One has to define precisely the peculiarities of the psychology in Shiite teachings. This is one of the currents of Islam. From the standpoint of European understanding, the Shiites are the current of Islam that learned something from the church organization of Christianity. The Sunnis believe there is no intermediary between God and man, and that there was the prophet Mohammed who brought the Koran, which must be studied and by which one must live. The Shiites, on the contrary, say that intermediaries do exist. These are the Shiite imams, who are to a certain degree theologians, and whom we might even call clergy. They fulfill the link between god and man. These intermediaries constitute the political system, which is reminiscent of the system of control in the Communist Party. There is the notion of rule by theologians. There is the highest theologian, who is elected, and he takes final decisions on strategic questions. He always insists on his views and can even chase out the president and prime minister. He examines all issues from the standpoint of ideology, which in the given instance means from the standpoint of religion. It reminds us very much of the CPSU, with one difference: whereas the Party owned everything, the Shiite clergy sits to one side and directs the process.
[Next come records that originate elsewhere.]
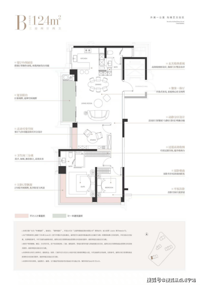 建面约124㎡的边厅“全景舱”户型,是外滩板块极致稀缺的臻品。它以三房布局满足主流家庭需求,更以无遮挡的视野与巨幕般的边厅落地窗,将城市天际线化为私藏画卷。主卧270°L型飘窗,让阳光与风景成为生活的主角。
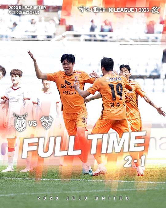 제주는 5월 6일(토) 오후 2시 제주월드컵경기장에서 열린 하나원큐 K리그1 2023 11라운드 홈 경기에서 포항에 2-1 역전승을 거뒀다. 전반 23분 백성동에게 선제골을 허용했지만 후반 3분 하창래의 자책골과 후반 10분 김봉수의 결승골을 앞세워 경기를 뒤집었다.
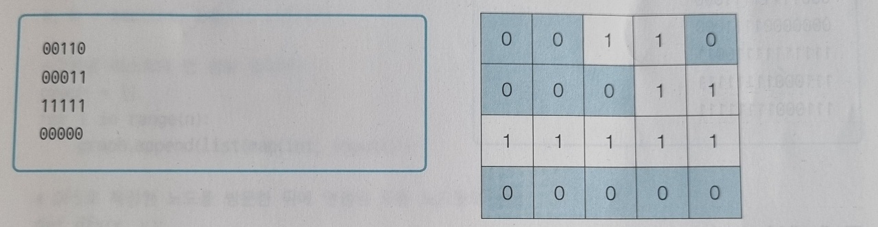 - 특정한 지점의 주변 상, 하, 좌, 우를 살펴본 뒤에 주변 지점 중에서 값이 '0'이면서 아직 방문하지 않은 지점이 있다면 해당 지점을 방문한다.
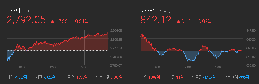▣ KOSPI : 2,7922.05 (+0.64%)
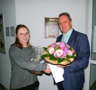 Im Rahmen der letzten Sitzung des Gemeinderates gratulierte Bürgermeister Udo Siegel Frau Julia Chilian, auch im Namen von Landrat Straubel, zur Verleihung des Deutschen Meistertitels, als beste Nachwuchsgesellin im Fach Medientechnologie und überreichte ein kleines Präsent.
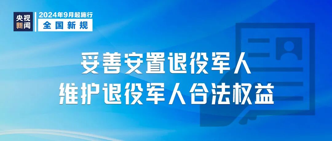 《退役军人安置条例》自9月1日起施行。《条例》明确退役军官和退役军士、义务兵的安置方式;要求军地开展退役前后技能培训,加强退役军人就业创业扶持等;明确军人退出现役后依法享受相关待遇保障。
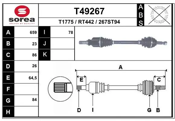 Напіввісь logan/sandero 1.5dci/1.6i 06- л. (23/26+abs) 649mm |
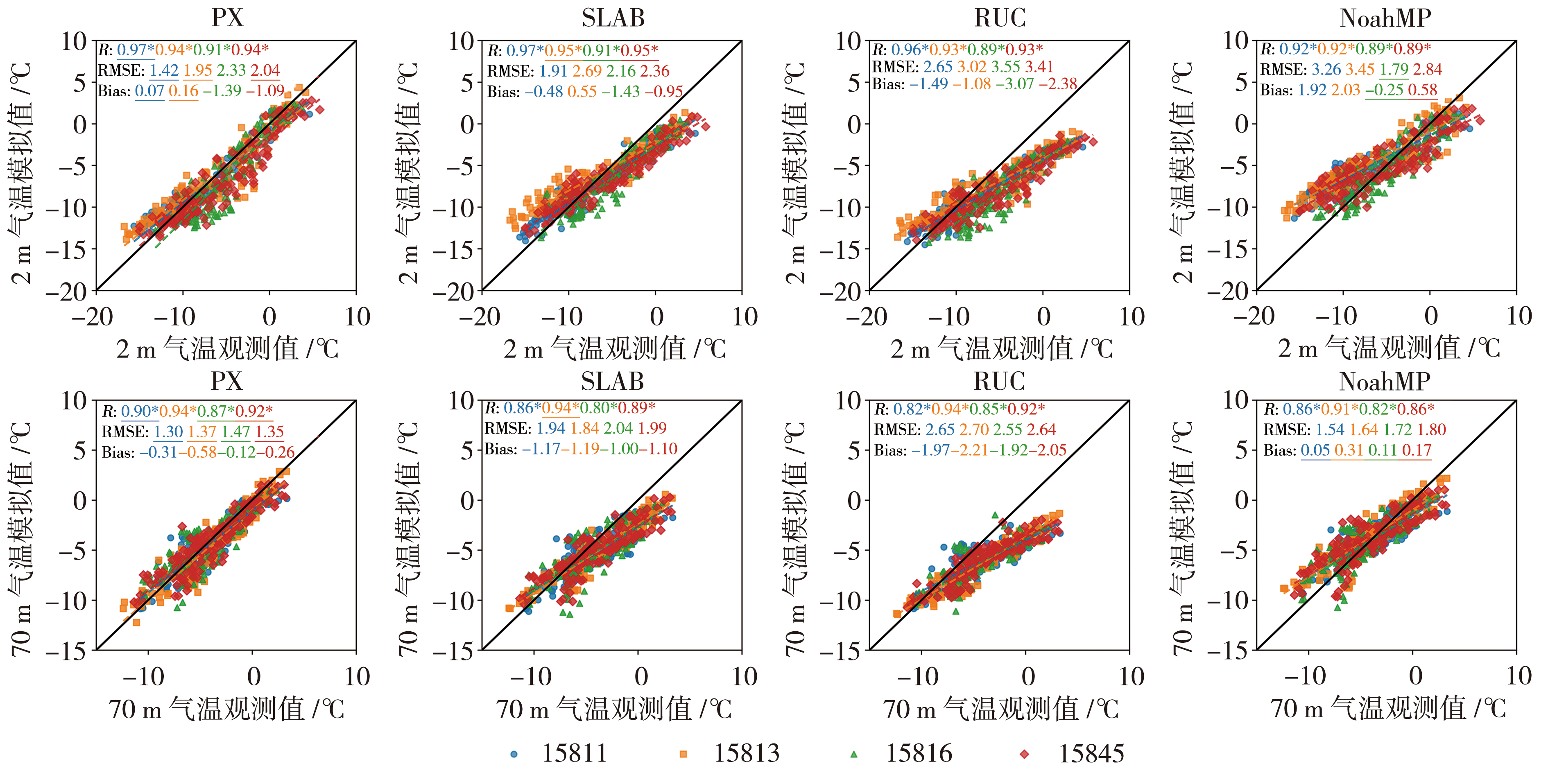 | Fig.7 Scatter plot of T2 and T70 from various land surface schemes against observations during snow-free period |

Now new political constructs are being created in the Near East. This concerns in particular Iraq, a country where changes in regime always have been bloody. But civil wars are also going on in Lebanon and in Palestine. King Abdullah of Jordan, one of the best peacemakers in the Near East, has warned about this. In his evaluation of the situation surrounding the Holy Land, Palestine and Israel, he very correctly observed once in Davos that two peoples, the Jews and the Arabs, are committing mutual suicide. In place of secular and moderate regimes, hard-line fundamentalists are striving to take power. Also in Davos, the former head of intelligence of Saudi Arabia gave what I think is a proper characterization of fundamentalists as a sect, with the psychological features of sectarianism - from charismatic leaders to mindless extremism. I think that in all the instances mentioned above, the application of more universal parallels and definitions would enable people to correctly understand the situation. These are universal matters, not just local matters. And the situation is terrifying.

I think we should address ourselves to the Near East and to our cultural mission. After these decades, while people in the Near East still remember Russian influence; while there are still people who speak Russian and look hopefully to Russia and to Russian culture. There are ways by which we can calmly make a return to this land. For example, an exhibition of young artists from a number of different countries was just held in Cairo. There were representatives coming from America, Australia and everywhere in between. Only Russia did not take part. I was invited to be honorary chairman of the biennale together with one of Egypt's oldest artists. This was done not just to mark the presence of an Arabic scholar or director of Russia's largest museum, but in a show of regard for our country. This demonstrates the feelings of the friends Russia has.

At about this time, the fortieth anniversary of the opening of the Russian cultural center in Cairo was celebrated. A lot of people were there whom we had seen in the past. They shared reminiscences about the cultural presence of our country. The same feelings arise in Kuwait, where we have long had scientific and cultural links that we intend to further develop, including in the area of exhibitions. The same occurs in Abu-Dhabi, where we perhaps will participate in museum and exhibition projects.

The Near East is ready for a Russian cultural offensive and influence. We have to think this over seriously. One has to remember that our cultural exports are always successful. People need this. There is a firm basis for it and for the time being there is still a living memory of Russian culture laid down during the time of the friendship of many countries of the Near East with Russia.